### DATA TO PROCESS
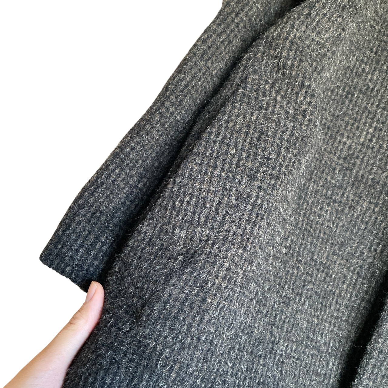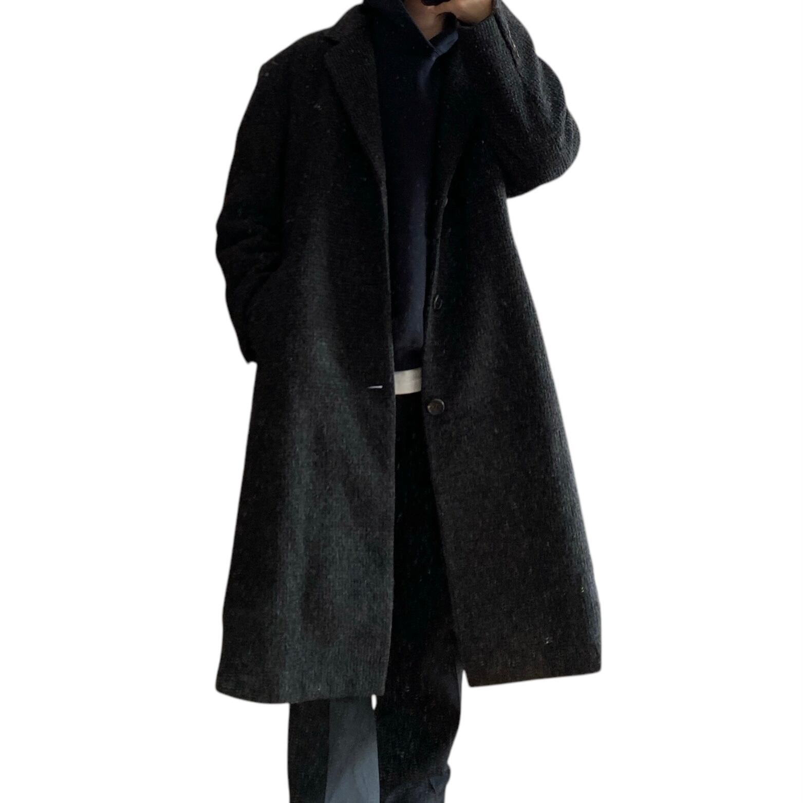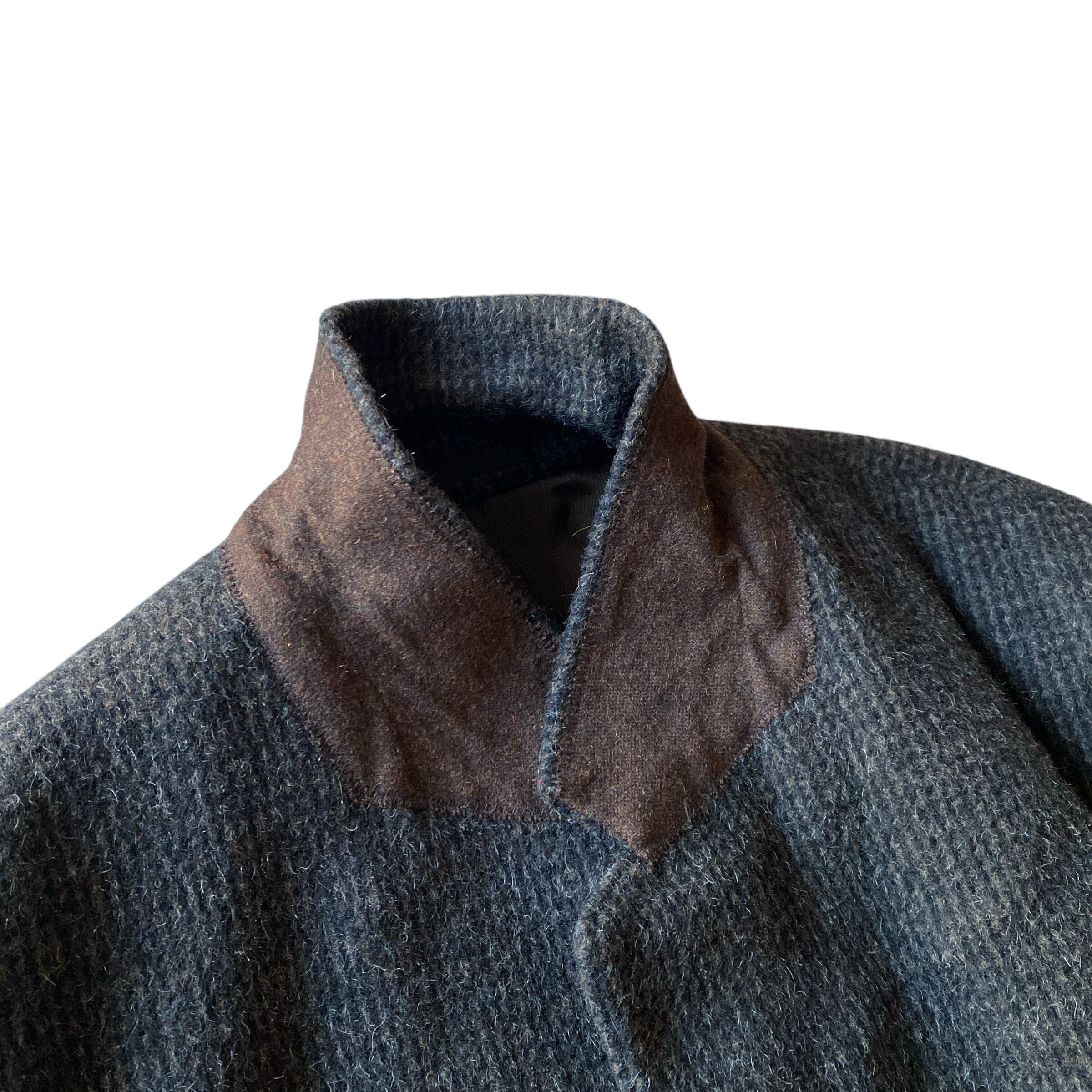 ブラック〜ダークブラウンの奥行きを感じる上品な色目に、肉厚でフワッと柔らかいウールツウィードの質感、オーバーサイジングなシルエットが非常に格好良い一着。
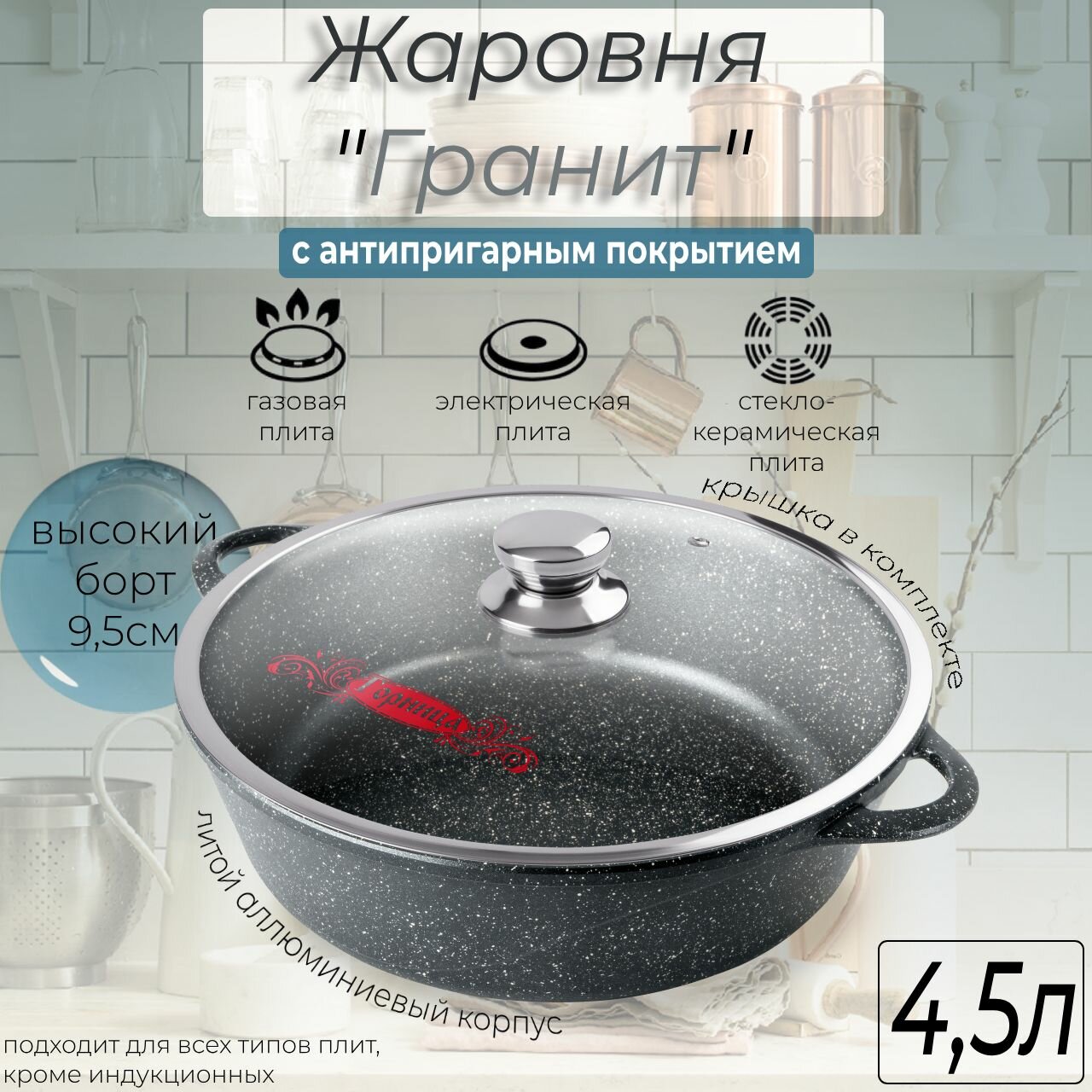 Жаровня алюминий, 4.5 л, антиприг, Горница, Гранит, ж7130аг, с крыш
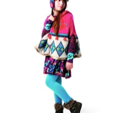 Bir demi sezon giyim olarak yararlı bir kız kız öğrenci için bir başlık ile parlak panço. Pembe ponponlar şeklinde neşeli bir saçaklı üçgen bir şekil ve elbette, özellikle siyah bir arka plan üzerinde etkileyici görünen farklı boyutlarda çok renkli daireler şeklinde bir baskı, şeylerin özgünlüğünü verir. Koyu saçlı esmer kızların yüzüne benzer bir renklendirme. Pembe kadife pantolonlar bir saçak ve dış giyim baskısı ile rengi yansıtıyor, siyah rugan ayakkabılar da yer alıyor.
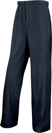 Spodnie przeciwdeszczowe. Szwy zgrzewane. Gumka w talii. Rozporek zapinany na zatrzaski. Dół nogawek regulowany na zatrzaski. 2 kieszenie na ręce. Wkład: poliester powlekany PU na zewnątrz.
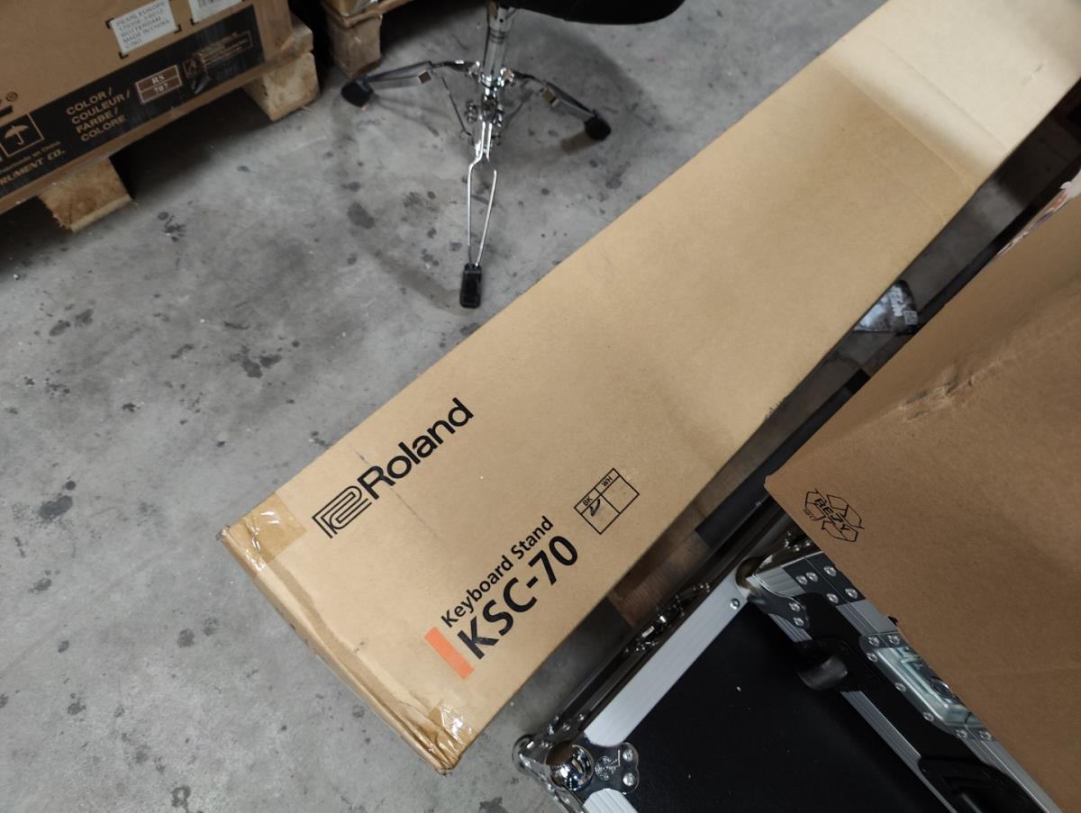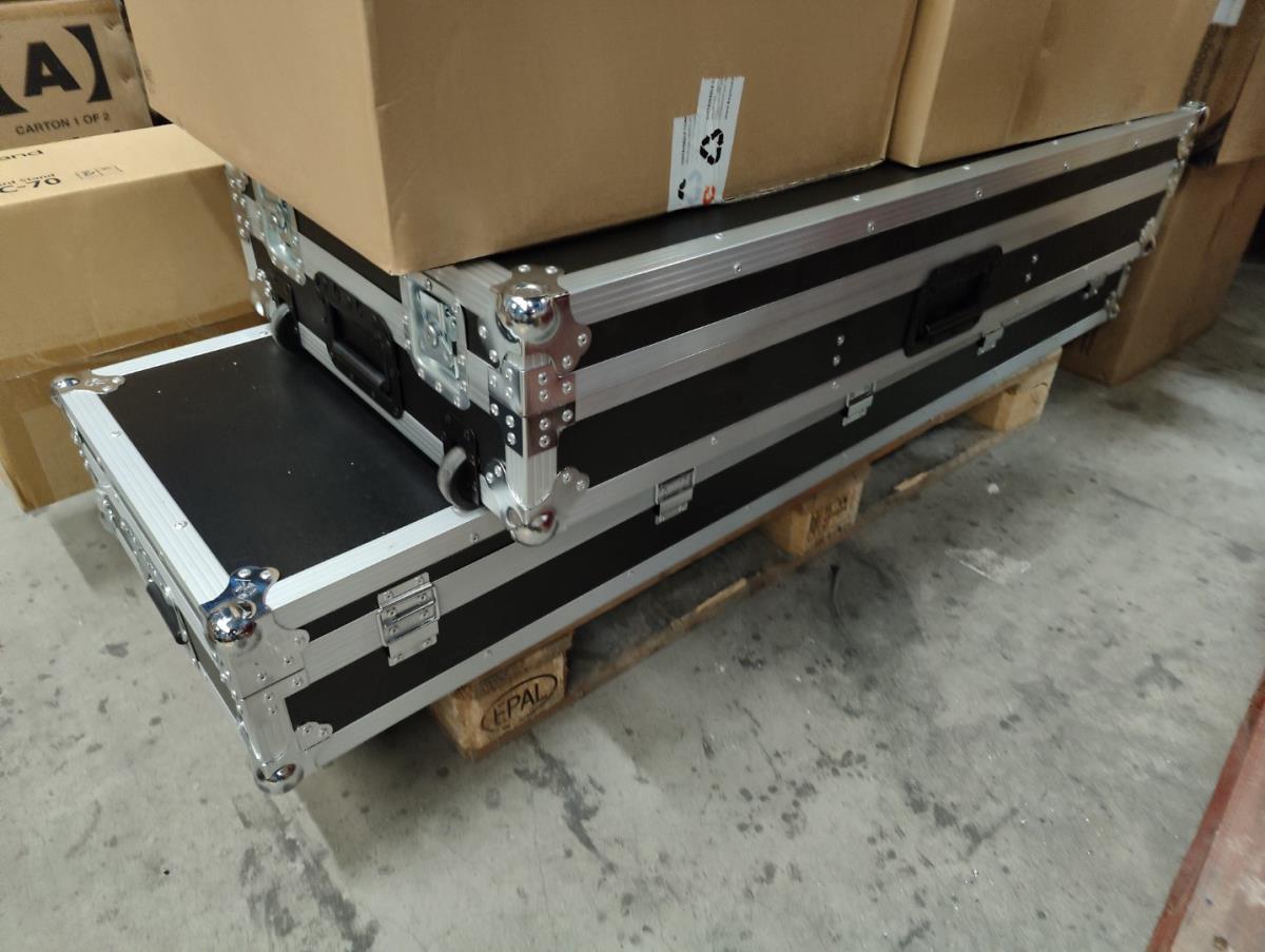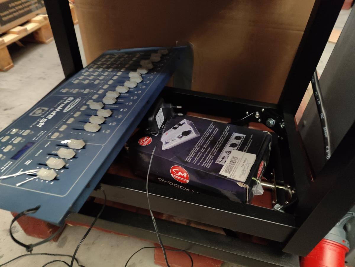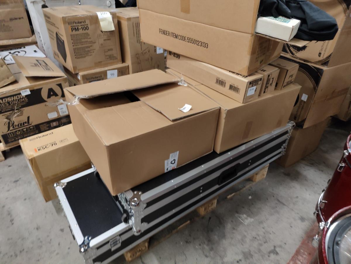 Waaronder: 2 grote flightcases, keyboardstand ROLAND, muziekstoel, kleine drum toebehoren, gitaar stickers, gitaar toebehoren, licht mixer en andere. Liggende op 2 palletten.
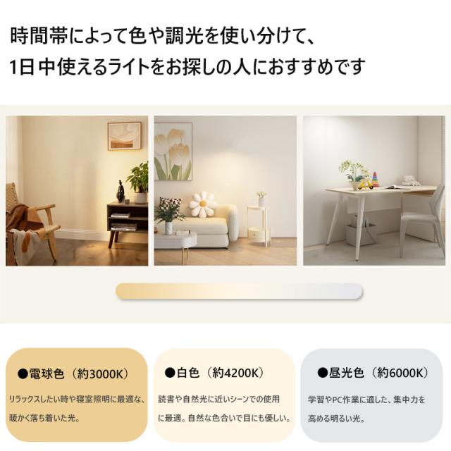 ●白色(約4200K): 読書や自然光に近いシーンでの使用に最適。自然な色合いで目にも優しい。
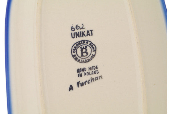 This Polish Pottery Platter is handmade and handpainted by the Ceramika Bona factory in Boleslawiec, Poland. Manufacturer item number H0727R. It is 1" high and measures 9¾" by 7". The weight of this Platter is 1.5 lbs. It is part of the Elegant Garland Collection.
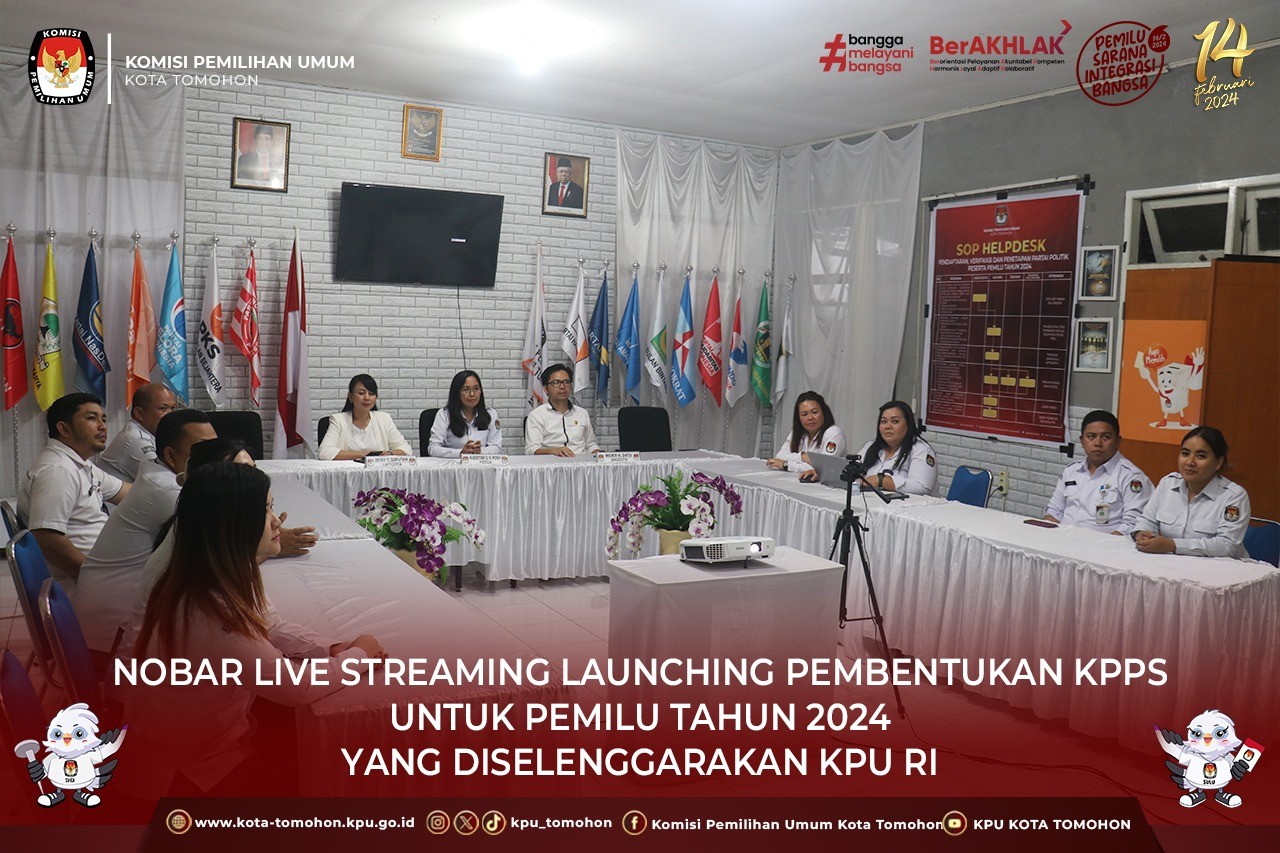 Tomohon, kota-tomohon.kpu.go.id - Ketua dan Anggota KPU Kota Tomohon serta staf sekretariat menyaksikan Live Streaming Launching Pembentukan KPPS untuk Pemilihan Umum Tahun 2024.
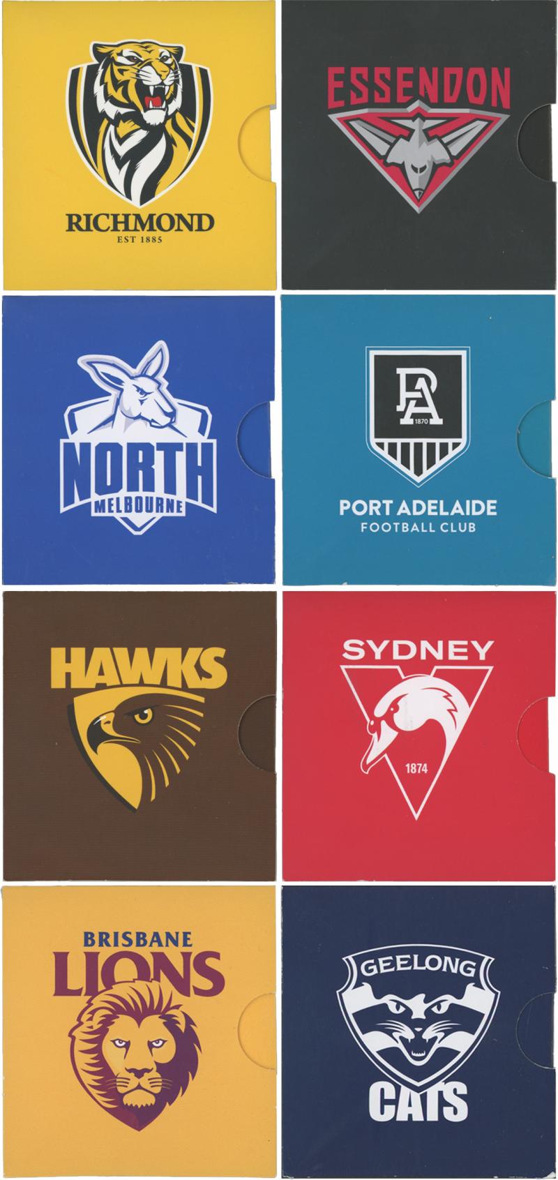 Adelaide, Essendon, Sydney, Richmond, North Melbourne, Melbourne, Western Bulldogs, etc. Uncirculated.

### WORK TO COMPLETE
The answer is to be the lines of the listing from the first through the one with "Жаровня алюминий, 4.5", reproduced exactly, without any pictures.

### WRITTEN SOLUTION
 ブラック〜ダークブラウンの奥行きを感じる上品な色目に、肉厚でフワッと柔らかいウールツウィードの質感、オーバーサイジングなシルエットが非常に格好良い一着。
 Жаровня алюминий, 4.5 л, антиприг, Горница, Гранит, ж7130аг, с крыш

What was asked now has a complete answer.